Maldonado was the dean and Ritter Professor of Engineering at the University of Texas at El Paso College of Engineering from 2017 to 2020. Maldonado was an administrator at the National Science Foundation for six years.

== Life ==
Maldonado is Mexican American and was a first-generation college student. She earned an A.S. in mathematics from Macon Junior College in 1979. She completed a B.E.E. (1981), M.S.E. (1982), and a Ph.D. (1990) in electrical engineering with a minor in mathematics from the Georgia Tech. Her dissertation was titled, Analysis of Electro-optic/gyrotropic Biaxial Crystals for Bulk and Waveguide Applications. Thomas K. Gaylord was her doctoral advisor.

From 1977 to 1979, she worked in the audit department at Sears Roebuck in Warner Robins, Georgia. She was a technical staff member at AT&T Bell Laboratories from 1980 to 1986. She worked with optical fiber components and systems. From 1999 to 2001, she was a program director of the engineering research centers program at the National Science Foundation. Maldonado worked in a variety of roles at the University of Texas at Arlington from 1990 to 2003. She started as an assistant professor of electrical engineering and was promoted to associate professor, and professor. She served as the associate vice president for research from July 2002 to August 2003. She joined Texas A&M University in 2003 as a professor of electrical and computer engineering and associate dean for research of the Dwight Look College of Engineering. She served as the interim vice president for research from October 2008 to July 2009 and as the associate dean for strategic initiatives from October 2009 to December 2010. She was concurrently the associate vice chancellor for research at the Texas A&M University System from January to December 2010. Maldonado returned to the National Science Foundation from January 2011 to October 2014 to serve as the director of the engineering education and centers division. In this role, she oversaw a budget of .

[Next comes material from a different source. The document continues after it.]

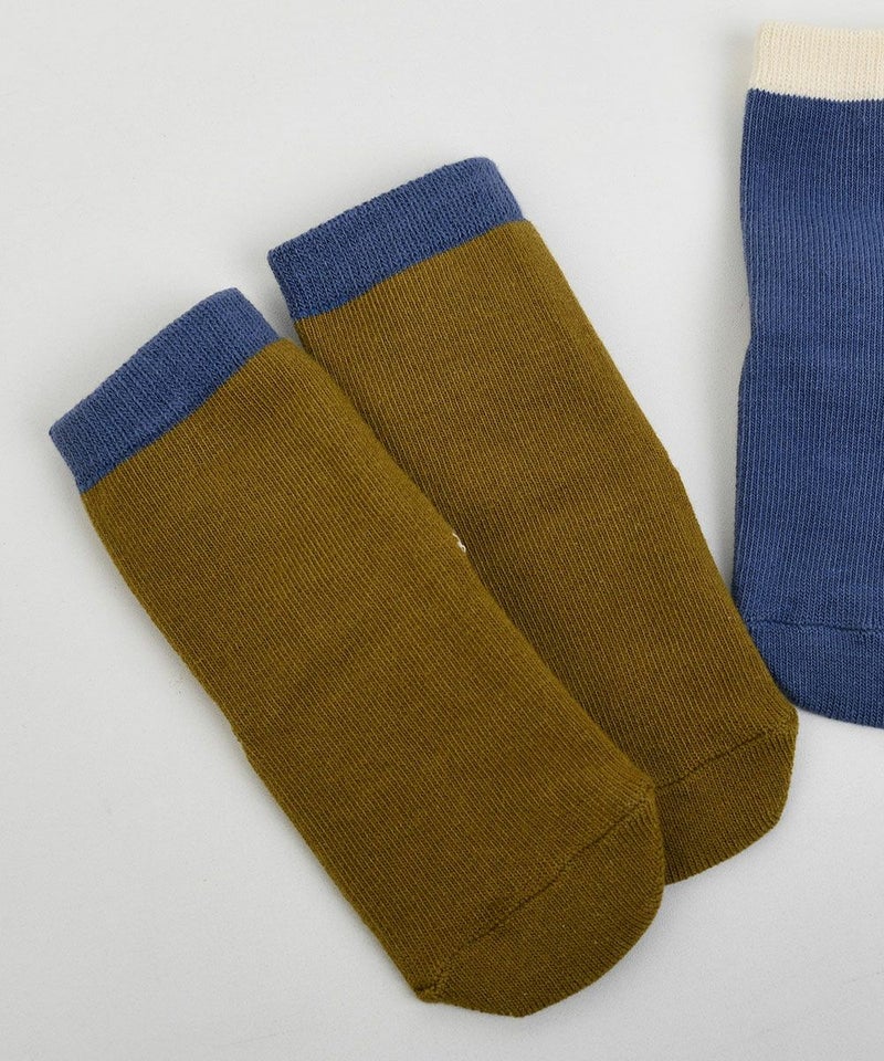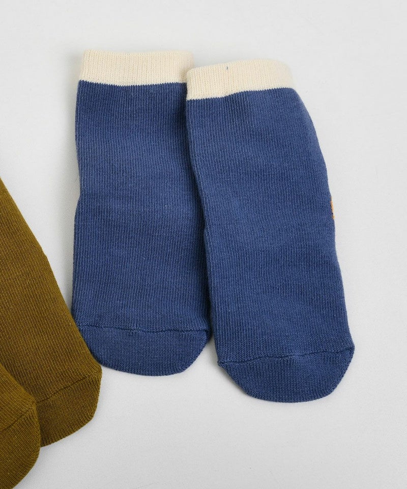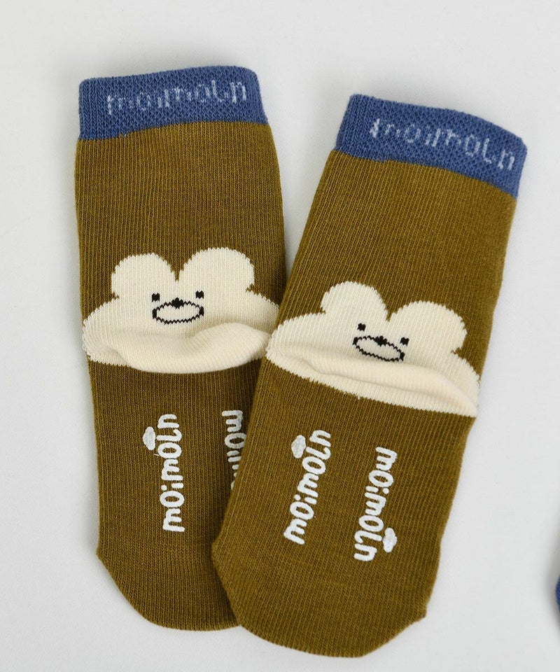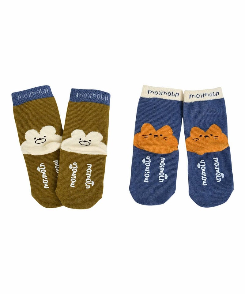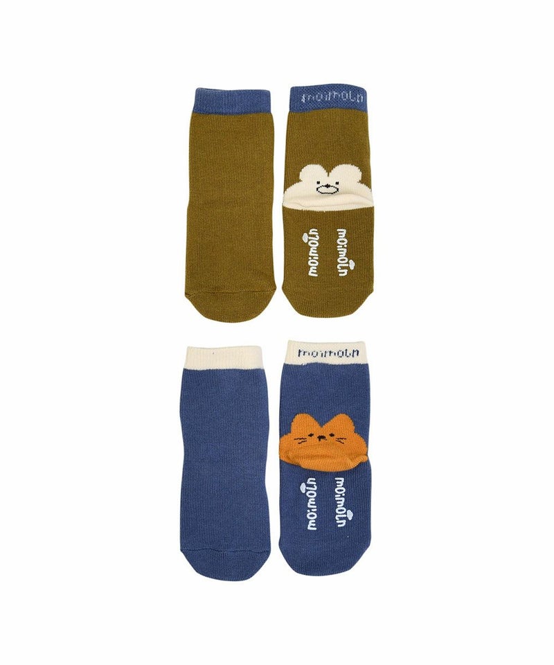 Cuteなアニマルの顔がかかと部分に隠れているミドル丈の靴下2足セット。口ゴム付近にはmoimolnロゴ、足の裏には滑り止めがついており、小さなお子様にぴったり。ネイビーは可愛いネコ、オリーブは可愛いクマの顔がかかと隠れており、歩くたびに可愛らしいポイントがちら見えするのがポイント。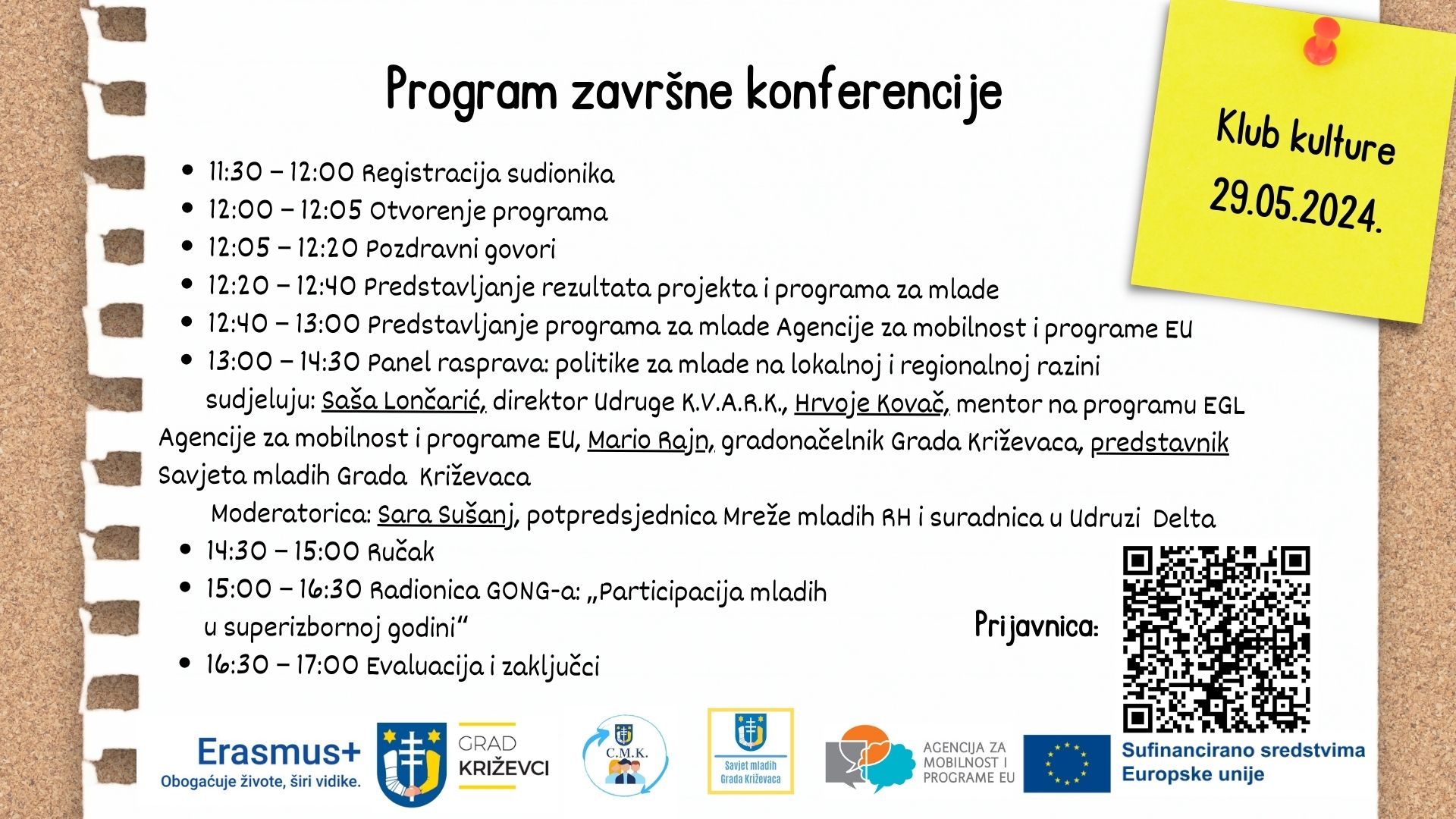 U sklopu završne konferencije održat će se predstavljanje rezultata projekta i Gradskog programa za mlade Grada Križevaca za sljedeće četiri godine. Održat će se i panel rasprava sa zanimljivim govornicima iz područja rada s mladima, a to su: Saša Lončarić, direktor K.V.A.R.K.-a, udruge koja djeluje u radu s mladima i u kulturi na području Križevaca već 25 godina, zatim Hrvoje Kovač, mentor za EGL projekt u Agenciji za mobilnost i programe Europske unije te dugogodišnji aktivist u sektoru mladih prisutan više od 20 godina, gradonačelnik Grada Križevaca Mario Rajn te predstavnik Savjeta mladih Grada Križevaca. Panel raspravu moderirat će Sara Sušanj, potpredsjednica Mreže mladih RH i stručna suradnica u Udruzi Delta iz Rijeke.

She served as the special assistant to the chief executive officer and executive vice president of the Texas A&M Health Science Center from October 2014 to May 2015. From June 2015 to July 2017 she worked at the University of Texas Rio Grande Valley as a professor of electrical engineering. She was its founding senior vice president for research, innovation, and economic development from 2015 to 2016. In July 2017, she became the dean of the college of engineering and the Ritter Professor of Engineering at the University of Texas at El Paso. In March 2020, she became the vice president for research and innovation at the University of California. She was a candidate to be president-elect of the American Association for the Advancement of Science. Maldonado was announced as the president-elect in March 2024. She is a member of the board of directors of the California Council on Science and Technology since 2020.